This patient is diagnosed with BPH and UTI / Patient (female) comes with complaint of painful urination.

Anatomical feature that makes female more susceptible to UTI
- Short urethra and close proximity of urethral opening to vagina and anus

Anatomy of external urethral orifice
- In the vestibule of the vagina
- Between the clitoris and the vaginal opening

Nerve supply of urethra that provide pain sensation
- Proximal urethra - visceral innervation via pelvic splanchnic nerve (S2-S4)
- Terminal urethra - somatic innervation via pudendal nerve (S2-S4)

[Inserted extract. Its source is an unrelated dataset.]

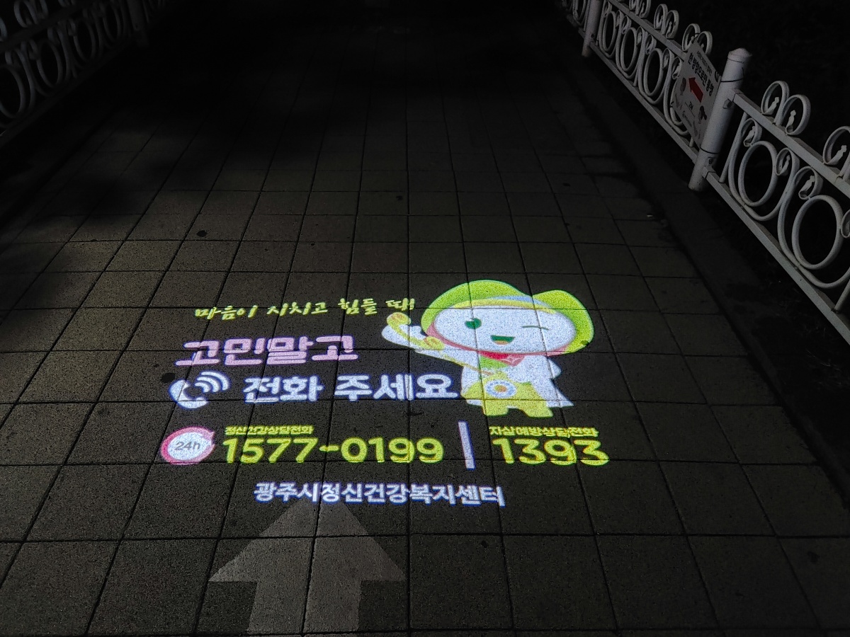 광주시는 시민의 정신건강과 생명존중문화 확산을 위해 희망의 빛을 밝히는 ‘생명사랑 로고젝터(LED조명 광고)를 지역 내 공공장소, 유동 인구가 많은 지역 4곳에 10개의 로고젝터..

Anatomical reasoning for frequent micturition
- d/t prostate enlargement, mainly in the transitional zone, which surround the prostatic urethra.
- as the gland enlarges, it compresses the urethra leading to bladder outlet obstruction, incomplete emptying of the bladder, reduced urine flow
- because urine is not fully emptied, the bladder fills up more quickly, resulting in frequent urination and nocturia.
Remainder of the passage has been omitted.